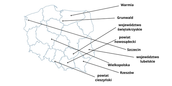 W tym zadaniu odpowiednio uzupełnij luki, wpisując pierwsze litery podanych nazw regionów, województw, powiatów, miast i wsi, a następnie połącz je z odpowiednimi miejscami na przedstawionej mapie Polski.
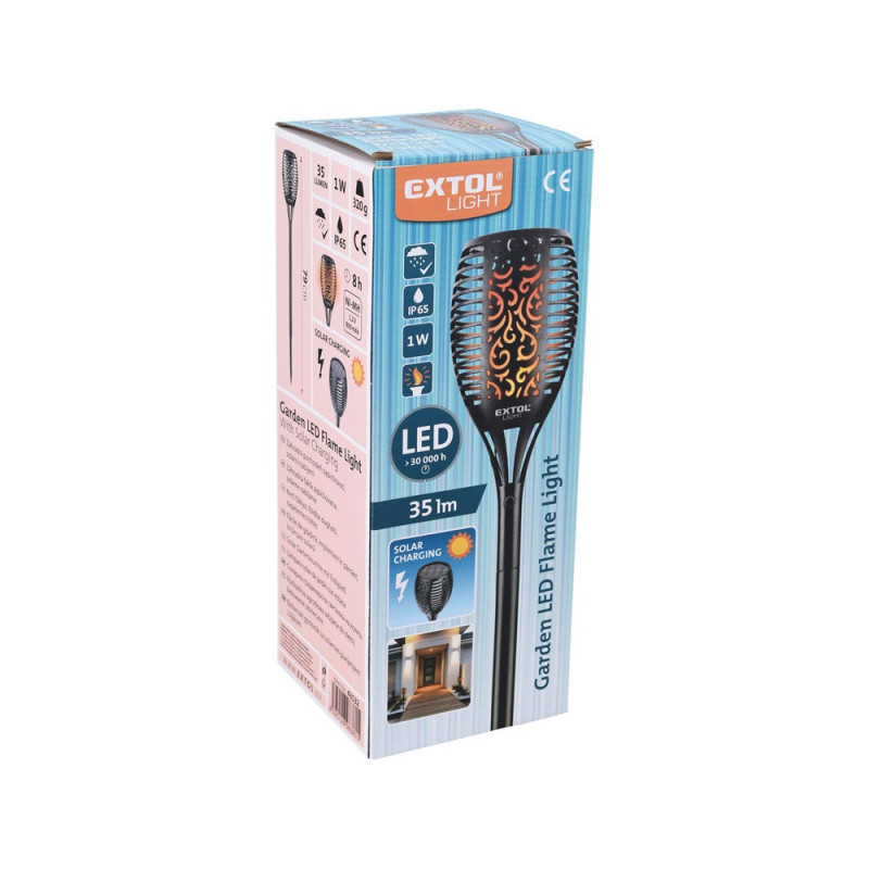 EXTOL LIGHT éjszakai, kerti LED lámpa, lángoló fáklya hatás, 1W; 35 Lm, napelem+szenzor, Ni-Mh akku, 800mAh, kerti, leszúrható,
···
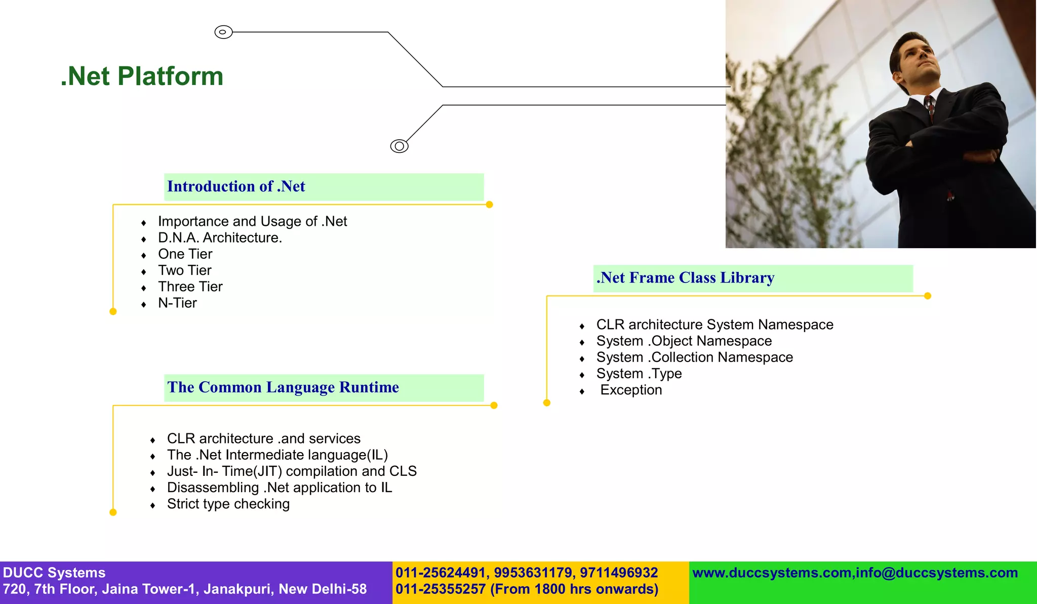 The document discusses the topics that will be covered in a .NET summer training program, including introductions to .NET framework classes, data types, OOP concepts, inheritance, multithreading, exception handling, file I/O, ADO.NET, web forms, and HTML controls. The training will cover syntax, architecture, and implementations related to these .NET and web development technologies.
···
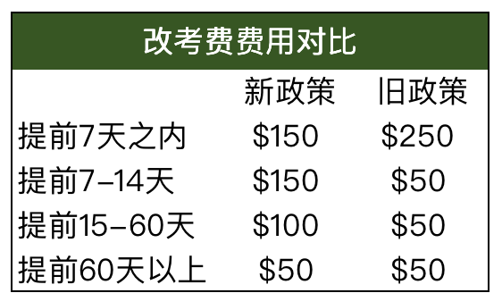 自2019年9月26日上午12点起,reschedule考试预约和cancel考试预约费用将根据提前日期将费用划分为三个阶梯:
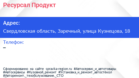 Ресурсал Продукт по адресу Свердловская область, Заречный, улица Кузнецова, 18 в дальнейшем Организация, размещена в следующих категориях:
···
EXERCISE DETAILS - The answer must be the part of the records that opens with the line containing "W tym zadaniu" and closes with the line containing "EXTOL LIGHT éjszakai, kerti", reproduced exactly, with no pictures.

OUTPUT FOR THIS TASK -
 W tym zadaniu odpowiednio uzupełnij luki, wpisując pierwsze litery podanych nazw regionów, województw, powiatów, miast i wsi, a następnie połącz je z odpowiednimi miejscami na przedstawionej mapie Polski.
 EXTOL LIGHT éjszakai, kerti LED lámpa, lángoló fáklya hatás, 1W; 35 Lm, napelem+szenzor, Ni-Mh akku, 800mAh, kerti, leszúrható,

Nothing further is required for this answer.